[LLVMdev] ARM Qualification

David A. Greene greened at obbligato.org
Tue Oct 11 16:20:17 PDT 2011


"Raja Venkateswaran" <rajav at codeaurora.org> writes:

> I think we need to think along two dimensions - Breadth of testing and depth
> of testing
>
> 1. Breadth: What the best supported ARM ISA versions in LLVM ARM? Say its
> armv6 and armv7; We need to 
> 	- regression test ARM mode, Thumb-2 and Thumb-1 mode (armv6)
> 	- Performance/code-size test ARM mode, Thumb-2 and Thumb-1 modes
>
>     We need to agree on an optimization level for regression as well as
> performance (such as -O3 for performance and -Os for code-size)
>
> 2. Depth: 
>   (a) Adding more regression tests: Every new commit comes with a set of
> tests, but these are just regression tests. We need global access to
> validation suites; unfortunately most validation suites are commercial and
> their licensing prohibits even proxy public use. What about leveraging some
> other open source test suites?
>   (b) Adding more performance tests: We need to identify performance and
> code-size regressions before committing. Currently there are wrappers for
> SPEC. What other performance/code-size suites can we get? Should there be
> guidelines for performance reporting on SPEC and/or other suites?

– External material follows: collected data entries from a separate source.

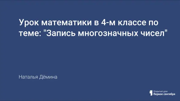 Представленный урок знакомит учащихся с записью и чтением многозначных чисел. Для успешной реализации поставленной цели используются приемы коллективной и парной работы. Учащиеся сами составляют алгоритм записи многозначных чисел, обсуждая его сначала в группах, а затем предлагают для обсуждения всему классу.
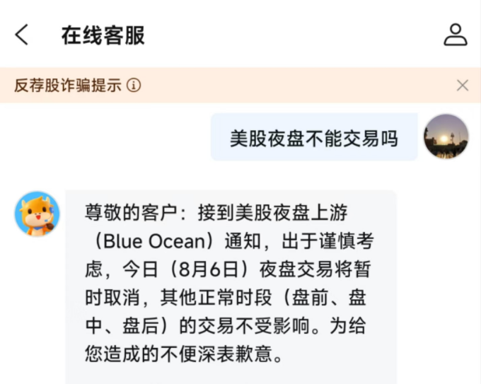 此外,8月6日,富途公告称,接到美股夜盘上游(Blue Ocean)通知,出于谨慎考虑8月6日夜盘交易将暂时取消,其他正常时段(盘前、盘中、盘后)的交易不受影响。
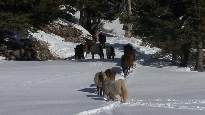 Σε κάποια από τις πλαγιές του βουνού, είναι εγκλωβισμένα εδώ και δεκαπέντε ημέρες, είκοσι άλογα, που ανήκουν στην φυλή της Πίνδου.
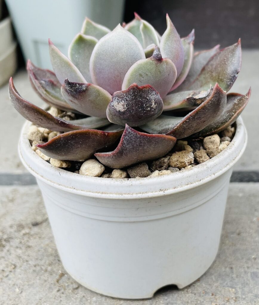 昨年の夏に弱ってしまった子で外葉はその名残で先が焦げています。

A lot of
> users depend on LLVM ARM performance/codesize remaining stable or getting
> better, so any degradation will trigger extra work for all consumers.

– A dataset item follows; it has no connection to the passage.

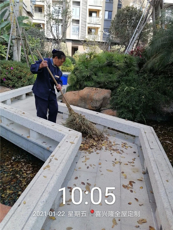 有这样一群人,默默无闻,他们的身影随处可见,虽然做着琐碎繁重的工作,但依然认真做好工作,真诚地对待业主。“一尘不染、干净整洁”是他们铭记的工作标准,“踏踏实实、勤勤恳恳”是他们践行的工作准则。处理生活垃圾、扫地面、擦拭公共设施、洗垃圾桶、清洗地库等细节的维护,他们细心、细节、细致,不辞辛苦辛勤付出,为业主创造出美丽舒适整洁的生活环境。

This seems excessive and unrealistic.  We're never going to come up with
a testsuite that satisfies everyone's needs and doing so could well be
counter-productive.  If no one can commit anything unless it passes
every test (including performance) for every target under multiple
option combinations, nothing will ever get committed.  Especially if no
one has access to systems to debug on.

I think it's reasonable for the LLVM community to expect that LLVM users
who have such rigorous testing needs develop their own systems.  Testing
is an extremely costly process in terms of dollars, work hours and
equipment expenditures.  There's no way the LLVM community can support
such things.

We have our own test suites with tens of thousands of tests that gets
run every night.  When we find a problem in LLVM, we fix it and report
it upstream when feasible.  If we don't report it upstream or commit the
fix, we have implicitly accepted responsibility for maintaining the fix.
This has worked well for us for years and I don't see any need to push
that cost and responsibility onto the community.